In the instant case, although Rizza’s alleged conduct could be construed as unprofessional and even purposeful, the allegations of discrimination and harassment as alleged in the Amended Complaint simply do not rise to level of conduct so outrageous as to go beyond all possible bounds of decency intolerable in any civilized society. As such, Plaintiffs claim for intentional infliction of emotional distress is properly dismissed.
*656IV. CONCLUSION
For these reasons the following Order is entered:
AND NOW, this 29th day of March, 2012, upon consideration of the Motion to Dismiss submitted on behalf of Defendants and for the reasons set forth in this Court’s Opinion above,
IT IS HEREBY ORDERED that the Motion, ECF No. 33, is granted in part and denied in part. The Motion is granted as to Count I of the Amended Complaint, insofar as Plaintiff alleges he was denied due process with respect to the first two Loudermill hearings; as to Counts II, III, IV, V, VII, VIH, IX, and XI of the Amended Complaint; as to Count VI insofar as Plaintiff seeks to hold the Borough and Defendants Rizza and Lusardi liable in their official capacities; and as to any claim for punitive damages asserted by Plaintiff. The Motion is denied as to Plaintiffs Fourteenth Amendment due process claim brought at Court I with respect to the third Loudermill hearing held on June 22, 2011; as to Plaintiffs claim brought at Count VI for defamation against Defendants Rizza and Lusardi in their individual capacities; and as to Michelle Ross’ claim for loss of consortium brought at Count X.
. Although Christopher Gabriel and Campbell Durrant Beatty Palombo & Miller, P.C. were also named as defendants in this action they have since been dismissed from the case pursuant to Fed.R.Civ.P. 41(a)(1)(A). See ECF No. 32.

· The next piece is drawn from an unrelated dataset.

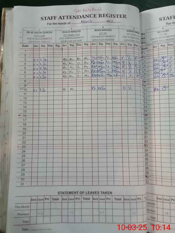 | 38**** | Zi**** Ul**** Kh**** | 3 | 1 | 0 | 0 | 0 | 0 | 0 | 0 | 0 | 0 | 0 | Exam Duty |
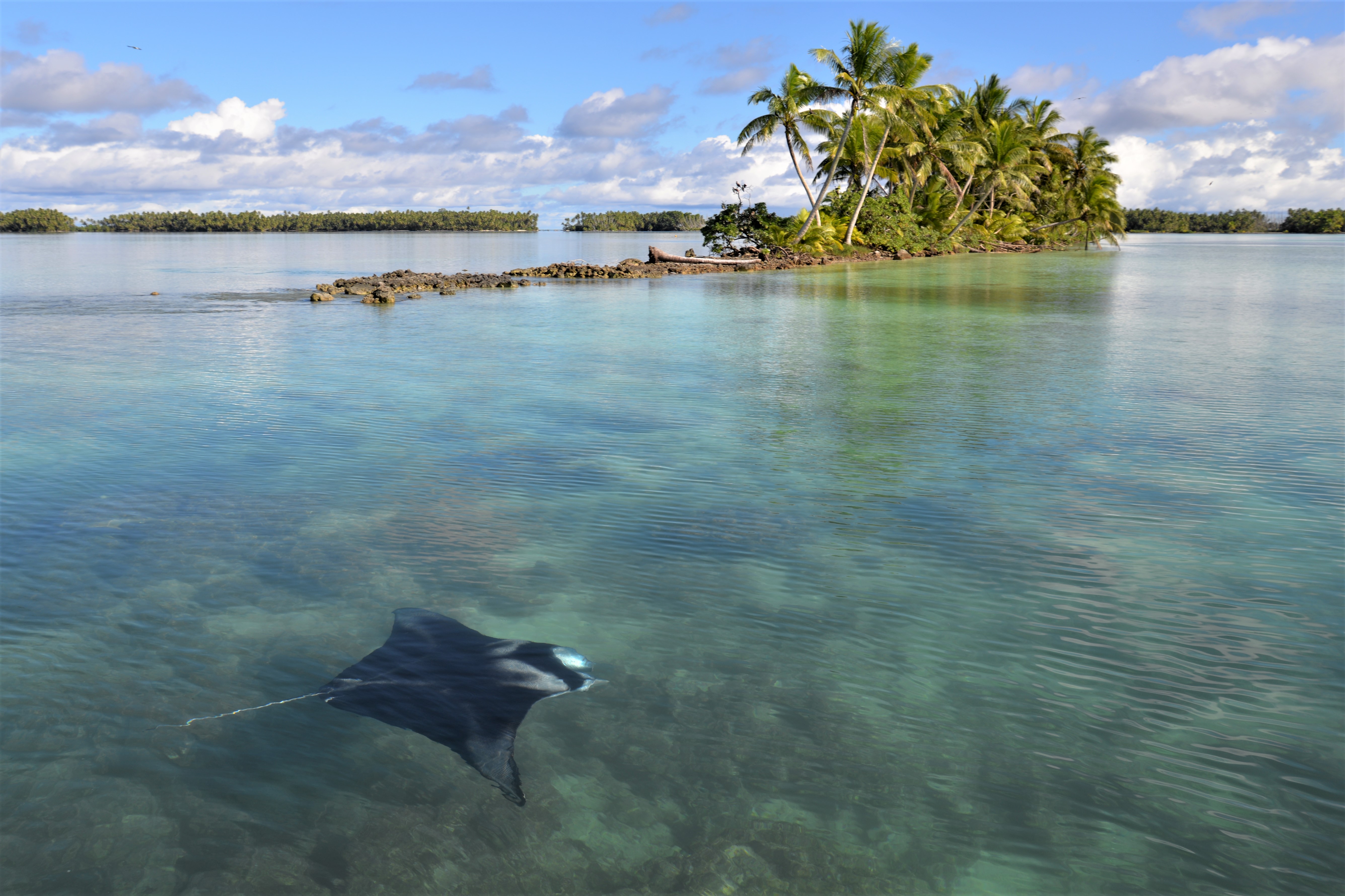 A manta ray swims by one of Palmyra Atoll's small islands, covered with palm trees soon to be restored with native species of plants

. Contrary to the copy of Rizza's e-mail which is attached to the Amended Complaint, ECF No. 22-8, Plaintiff alleges in the Amended Complaint that Rizza told Plaintiff that he "was not to discuss the February 9, 2011 with Mayor Lloyd.” ECF No. 22, ¶ 31.

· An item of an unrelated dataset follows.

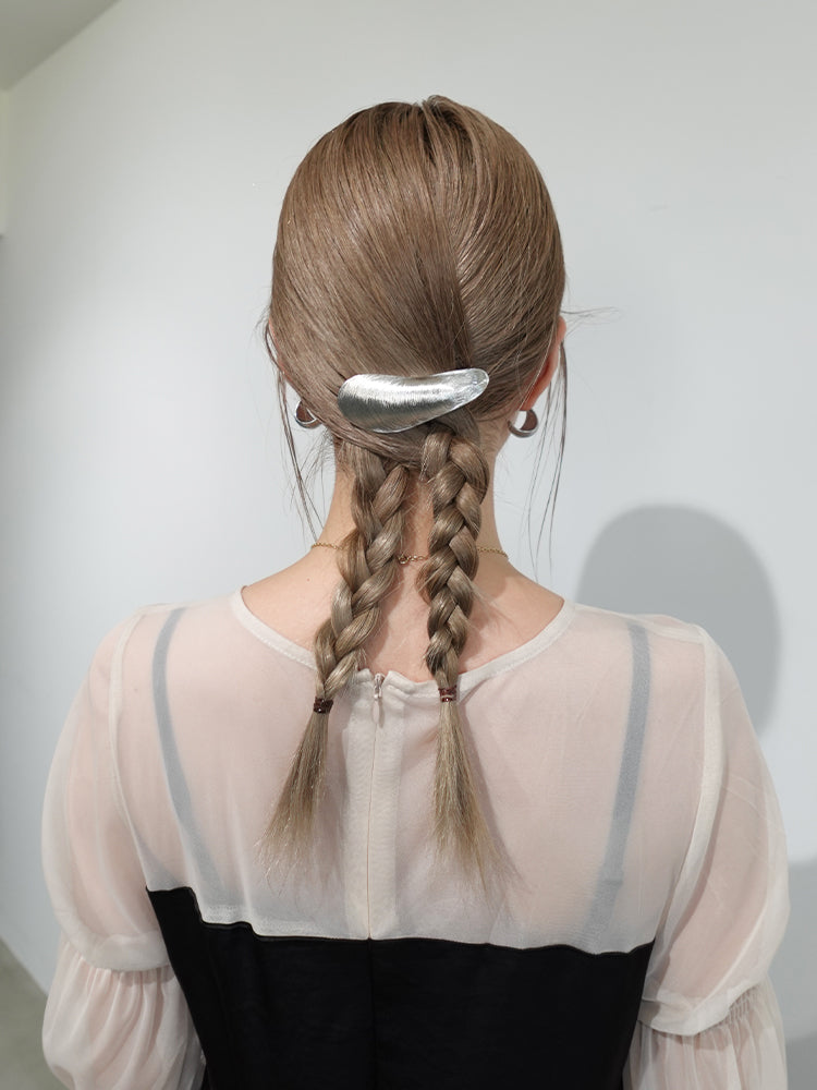 - 二つの三つ編みができたら真ん中にバレッタをつけます。髪の毛を広いすぎると表面の髪の毛の毛流れが崩れてしますので、表面だけ拾ってつけるのがおすすめです。

. Although Plaintiff alleges in the Amended Complaint that the Loudermill hearing was scheduled for July 7, 2011, the letter he received states that it was scheduled for June 22, 2011. ECF No. 22, ¶ 62; ECF No. 22-12.
. Defendants have attached a copy of the Court of Common Pleas docket sheet as Exhibit A to their Brief in Support of the Motion to Dismiss which reflects that the Borough filed a Praecipe to Discontinue the appeal on January 4, 2012. ECF No. 34-1. A copy of the praecipe is also attached as Exhibit B. ECF No. 34-2. As requested by Defendants, the Court will take judicial notice of these documents.
. Although Defendants argue that any substantive due process claim that Plaintiff purports to bring against them should be dismissed because Plaintiff has not alleged the deprivation of a property interest to which substantive due process protection applies, Plaintiff agrees and has asserted in his responsive brief that no such claim has been set forth in the Amended Complaint. See ECF No. 39, p. 3. Thus, the only issue with respect to Count I is whether Plaintiff has stated a claim for the deprivation of his procedural due process rights.
. Moreover, Plaintiff has represented in his brief in opposition to Defendants’ Motion, which was filed on July 18, 2012, that a hearing has never been held. ECF No. 39, p. 5. ■
. Indeed, Plaintiff suggests elsewhere in the Amended Complaint that the animosity between Plaintiff and Rizza amounted to nothing more than a personality conflict and that Rizza generally created a hostile environment for all Borough employees. ECF No. 22, ¶¶ 20, 24, 39. See ECF No. 22-5.
. The Court notes that Plaintiff brought a claim under the ADEA in his original Complaint filed with this Court, ECF No. 1, ¶¶ 105-111, which Defendants moved to dismiss arguing that Plaintiff had failed to allege sufficient facts to support the claim. ECF No. 19, pp. 23-24. In response, Plaintiff filed the Amended Complaint but fails to add any averments that serve to cure the deficiencies in the original Complaint.
. This having been said, Plaintiff appears to have conceded that his claim for defamation against the Borough and Rizza and Lusardi in their official capacities are barred under the Political Subdivision Tort Claims Act. See 42 Pa.C.S. §§ 8541, 8542. ECF No. 39, p. 13.